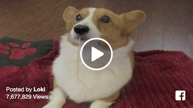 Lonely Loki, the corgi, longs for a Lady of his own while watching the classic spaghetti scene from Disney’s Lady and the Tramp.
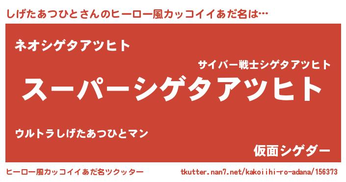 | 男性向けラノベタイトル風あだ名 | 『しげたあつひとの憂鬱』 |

■ ■ ■ ■ ■

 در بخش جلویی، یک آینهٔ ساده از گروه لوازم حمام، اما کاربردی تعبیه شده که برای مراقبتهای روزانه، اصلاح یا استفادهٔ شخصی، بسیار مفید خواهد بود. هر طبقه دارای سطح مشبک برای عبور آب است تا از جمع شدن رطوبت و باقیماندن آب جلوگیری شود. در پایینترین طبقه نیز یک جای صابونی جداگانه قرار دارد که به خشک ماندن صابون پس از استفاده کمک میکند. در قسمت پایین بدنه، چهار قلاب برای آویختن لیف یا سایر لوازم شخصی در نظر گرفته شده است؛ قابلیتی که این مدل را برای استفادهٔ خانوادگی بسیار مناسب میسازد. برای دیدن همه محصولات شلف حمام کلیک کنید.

■ ■ ■ ■ ■

● TASK INSTRUCTIONS
Reproduce the entries exactly, from the line with "Lonely Loki, the" to the line with "男性向けラノベタイトル風あだ名 | 『しげたあつひとの憂鬱』 |", both lines included, keeping no pictures.

● WORKED SOLUTION
 Lonely Loki, the corgi, longs for a Lady of his own while watching the classic spaghetti scene from Disney’s Lady and the Tramp.
 | 男性向けラノベタイトル風あだ名 | 『しげたあつひとの憂鬱』 |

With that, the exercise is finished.